- [YOUR TASK]:
What is needed here is an exact repetition of the records below, beginning at the line that has "وتمكنت مصر من" and stopping after the line that has "Бумага цветная А4".

- [SUPPLIED MATERIAL]:
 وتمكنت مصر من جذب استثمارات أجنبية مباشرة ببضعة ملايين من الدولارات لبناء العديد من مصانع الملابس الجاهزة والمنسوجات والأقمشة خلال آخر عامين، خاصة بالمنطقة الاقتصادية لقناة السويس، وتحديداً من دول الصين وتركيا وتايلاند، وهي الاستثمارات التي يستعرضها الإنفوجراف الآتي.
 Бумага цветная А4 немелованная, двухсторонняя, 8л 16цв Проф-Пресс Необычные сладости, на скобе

--

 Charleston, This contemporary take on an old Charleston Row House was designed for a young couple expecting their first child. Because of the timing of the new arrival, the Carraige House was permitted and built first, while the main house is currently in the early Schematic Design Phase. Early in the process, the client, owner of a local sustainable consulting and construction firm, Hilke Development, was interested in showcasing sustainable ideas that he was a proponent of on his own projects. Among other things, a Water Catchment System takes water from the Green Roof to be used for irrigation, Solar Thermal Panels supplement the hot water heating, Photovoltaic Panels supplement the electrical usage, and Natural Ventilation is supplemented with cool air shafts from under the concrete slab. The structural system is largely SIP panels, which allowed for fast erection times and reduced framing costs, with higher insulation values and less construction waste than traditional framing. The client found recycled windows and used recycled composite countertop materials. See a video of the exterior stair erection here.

- [COMPLETED EXERCISE]:
 وتمكنت مصر من جذب استثمارات أجنبية مباشرة ببضعة ملايين من الدولارات لبناء العديد من مصانع الملابس الجاهزة والمنسوجات والأقمشة خلال آخر عامين، خاصة بالمنطقة الاقتصادية لقناة السويس، وتحديداً من دول الصين وتركيا وتايلاند، وهي الاستثمارات التي يستعرضها الإنفوجراف الآتي.
 Бумага цветная А4 немелованная, двухсторонняя, 8л 16цв Проф-Пресс Необычные сладости, на скобе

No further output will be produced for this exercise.